Minister of Skills Development and Vocational Training
- In office 21 May 2015 – 12 April 2018
- President: Maithripala Sirisena
- Prime Minister: Ranil Wickremesinghe
- Preceded by: Mahinda Samarasinghe
- Succeeded by: Vacant

Minister of Petroleum Resources Development
- In office 4 September 2015 – 21 May 2017
- President: Maithripala Sirisena
- Prime Minister: Ranil Wickremesinghe
- Preceded by: Anura Priyadharshana Yapa
- Succeeded by: Arjuna Ranatunga

Deputy speaker and chairman of committees of the Parliament of Sri Lanka
- In office 23 November 2010 – 26 June 2015
- Preceded by: Piyankara Jayaratne
- Succeeded by: Thilanga Sumathipala

Member of Parliament for Galle District
- Incumbent
- Assumed office 2009

Personal details
- Born: May 23, 1968 (age 57) Galle, Sri Lanka
- Party: United People's Freedom Alliance
- Spouse: Devika weerakkody
- Children: Vireign Weerakkody Devinya Weerakkody
- Alma mater: St. Aloysius' College (Galle) Nalanda College, Colombo
- Occupation: Politics
- Profession: Lawyer
- Website: Official website

= Chandima Weerakkody =

Sri Lankan politician

Chandima Weerakkody MP (born 23 May 1968) is a Member of Parliament representing the Galle District. He is currently a member of parliament representing Galle district.

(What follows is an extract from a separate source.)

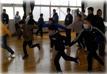
【子ども会で生かせるゲームを体験しました】

2月10日(土)～11日(日)1泊2日の日程で、当自然の家において「子ども会リーダー研修会①」(参加者18名)を開催しました。

Chandima was the former Cabinet Minister of Petroleum & Petroleum Gas.

He was also the Deputy Speaker of the 14th Parliament of Sri Lanka and Chairman of Committees.

==Early life and family==
He is a lawyer by profession and was educated at St. Aloysius' College, Galle and Nalanda College Colombo.